How an automorphism of vertices stabilizes edges ?
There are some permutations which acts on vertices and edges at the same time. For example, 
$\pi=(24)$(an automorphism) permutes or switches vertex $2,4$ also moves edges $a,b,c,d$($a$ switches with $b, c$ switches the place with $d$) and fixes(stabilizes) vertex $5$ and edge $e$.
But for $X \setminus\{ 5 \}$, which is a cyclic graph $C_4$, there is no automorphism that fixes(stabilizes) any edge(right?). If that is the case, then how an automorphism of vertices stabilizes edges ?
Context :-
From Lecture 2, Algebra and Computation by V. Arvind, (page3), it is given -
The Problem Statement: $H \leq S_n$, given by a small generating set. Also given is a subset $\Delta \subset [n]$. Find the stabilizer of $\Delta$ in $H$, defined as $stab_\Delta(H) = \{\pi \in H : \Delta^{\pi} = \Delta \}$ Though this >problem has nothing to do with graphs directly, graph isomorphism reduces to this problem (which we shall call Set-Stab).
Theorem 3. Graph-Iso $\leq_P$ Set-Stab
Proof. By our earlier theorem, it is enough to show that Graph-Aut reduces to Set-Stab. One simply needs to note that an automorphism can be thought of as acting on the edges as well. Given a graph $G = (V,E)$, a permutation of the vertices induces a permutation of the edges. Hence,
$\phi : Sym(v) \mapsto Sym({{V}\choose{2}})$ is injective.
Thus, all we need to do is find the set of elements in $Sym(V )$ that stabilizes $E$. Taking the set H to be $ \phi (Sym(V )) \subset Sym({{V}\choose{2}})$ and $\Delta = E \subset [{{V}\choose{2}}]$, the automorphism group is precisely $stab_{\Delta}(H)$.
Also $H \leq Sym({{V}\choose{2}})$ which has a "relation" with $Sym(v) $ (according to $\phi$ ). This relationship is "injective", i.e. for each element of $H$ there is only one element in $Sym(v)$. But, $\phi$ is not "surjective (onto)" .
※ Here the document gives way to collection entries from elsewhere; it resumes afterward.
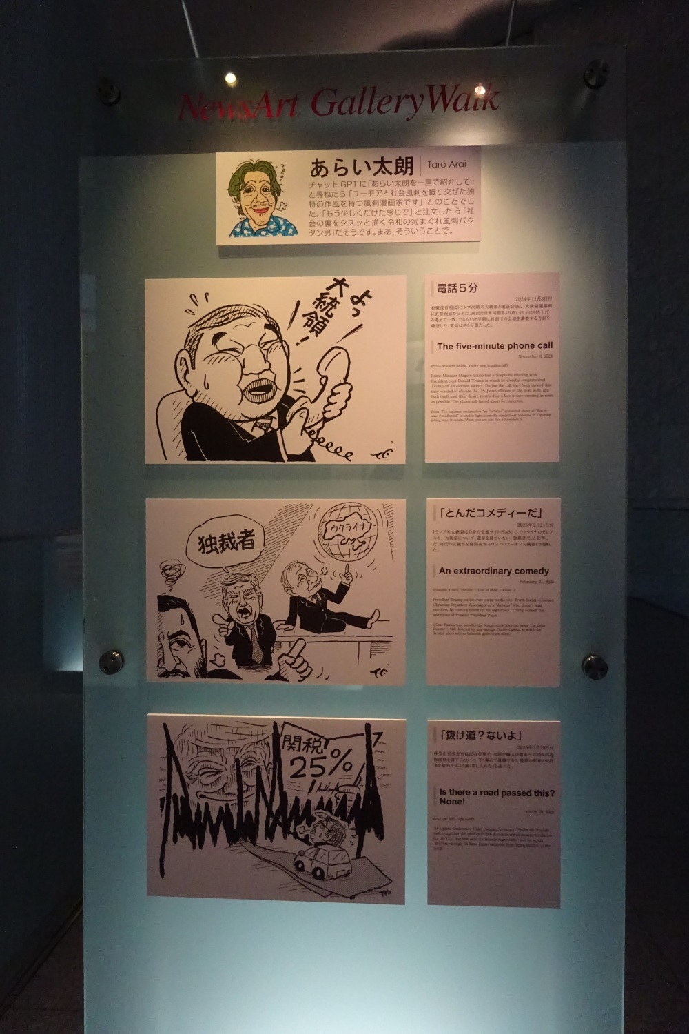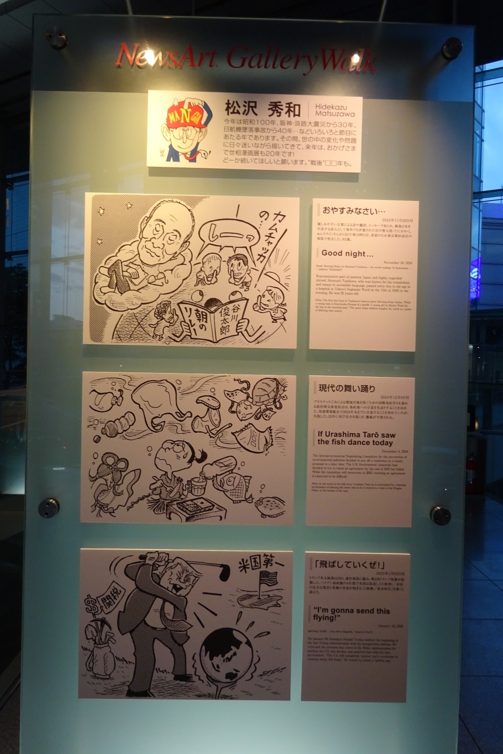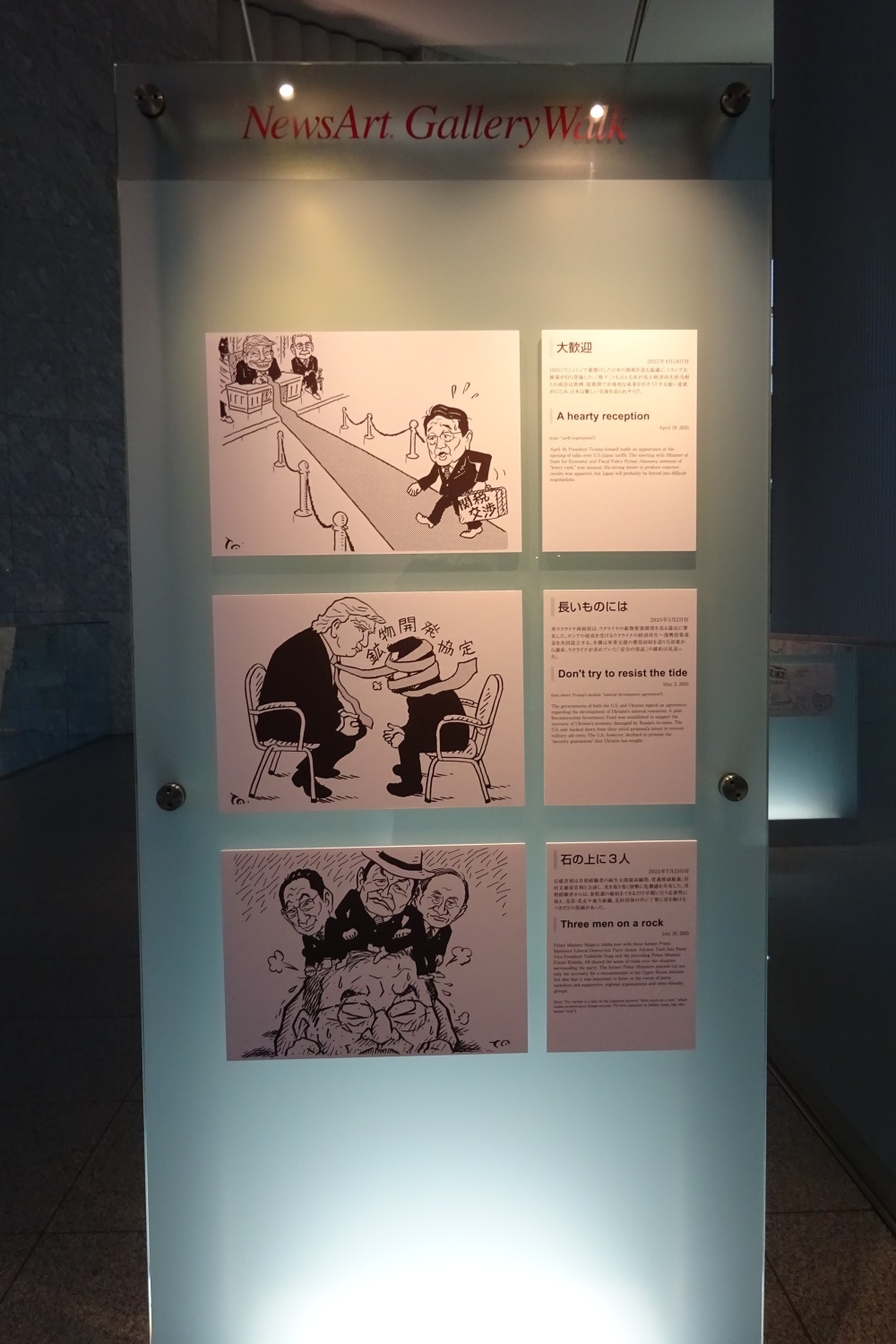 特に取材へ伺った日の「今日の世相漫画」は、トランプ米首相が来日していた時の一コマで、個人的にうーん!と膝を打つような1枚でした。
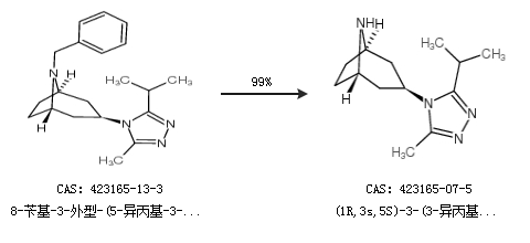 1.通過8-芐基-3-外型-(5-異丙基-3-甲基-4H-1,2,4-三唑-4-基)-8-氮雜雙環(huán)[3.2.1]辛烷合成(1R,3s,5S)-3-(3-異丙基-5-甲基-4H-1,2,4-三唑-4-基)-8-氮雜雙環(huán)[3.2.1]辛烷,收率約99%;
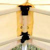 - Material del techo: poliéster 100% impermeable (350 g/m²) con recubrimiento de PVC. Es extremadamente resistente al desgarro, protege contra la radiación UV y garantiza una protección fiable tanto contra la lluvia como contra el sol.
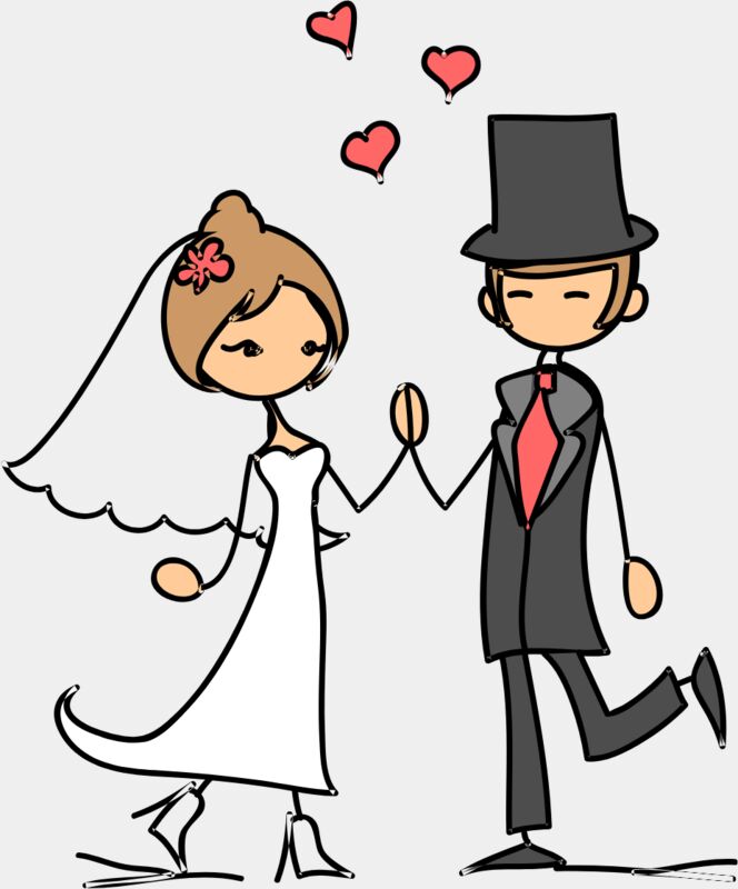 Cartoon Wedding Groom Bride Holding Hands 14
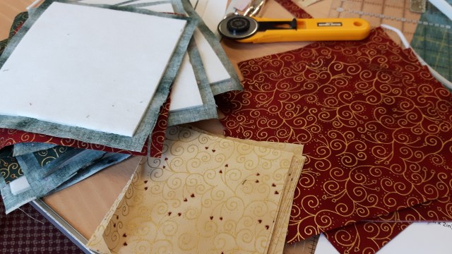 Our first job was to cut everything out and prepare everything, this seemed to take most of the morning…twelve 7″squares in the red and green fabric, twelve 5″ squares of cream fabric, with Bondaweb already applied, twelve squares of bosal.
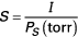 Elle se calcule à partir du courant électrique d'intensité I produit par le flux ionique sur un collecteur et la pression partielle PS du gaz nécessaire pour cette mesure :

How the automorphism group is precisely $stab_{\Delta}(H)$?
I have asked a question on the same lecture note which might be relevant to mention . Note that the proof started by saying "By our earlier theorem,", I asked about theorem in that question.
Edit: $\Delta$ is a subset of vertex set= $[n]$.
For a simple graph, an automorphism is defined as a permutation of the vertices that preserves adjacency; this induces a permutation of the edges. So in the example you give, there is exactly one nontrivial automorphism of the graph given by $(2 \ 4)$, it induces the permutation $(a \ b)(c \ d)$ on edges so the edge labelled $e$ is stabilized.
If you remove vertex $5$, you have a graph $C_{4}$ with automorphism group $G \simeq D_{4}$ (the dihedral group, which has order 8). You do have nontrivial automorphisms stabilizing edges; for example, the map $(1\ 2)(3 \ 4)$ induces the permutation $(b\ c)$ on edges and stabilizes both $a$ and $d$.
The automorphism group $\mathrm{Aut}(X) \leq \mathrm{Sym}(v)$ and is also isomorphic to some subgroup of $\mathrm{Sym}( {v \choose 2})$; the best way to view ${v \choose 2}$ in this context is as the collection of 2-element subsets from $[v]$, then instead of $\mathrm{Sym}({v \choose 2})$ you can just work in $\mathrm{Sym}(v)$ and consider the action it induces on the 2-element subsets. The edges $E$ of the graph should also be viewed as 2-sets of vertices, so that $E \subseteq {v \choose 2}$; this set $E$ is what they mean by $\Delta$.
A permutation $\tau \in \mathrm{Sym}(v)$ is in $\mathrm{Aut}(X)$ if and only if it preserves adjacencies, that is, if and only if it stabilizes the set of edges; this is what the mean by $\tau \in \mathrm{Stab}_{\Delta}(H)$. Note that they take $H = \phi(\mathrm{Sym}(v)) \subset \mathrm{Sym}({v \choose 2})$; if you view ${v \choose 2}$ as the collection of $2$-sets as I mentioned, you can think of $H = \mathrm{Sym}(v)$.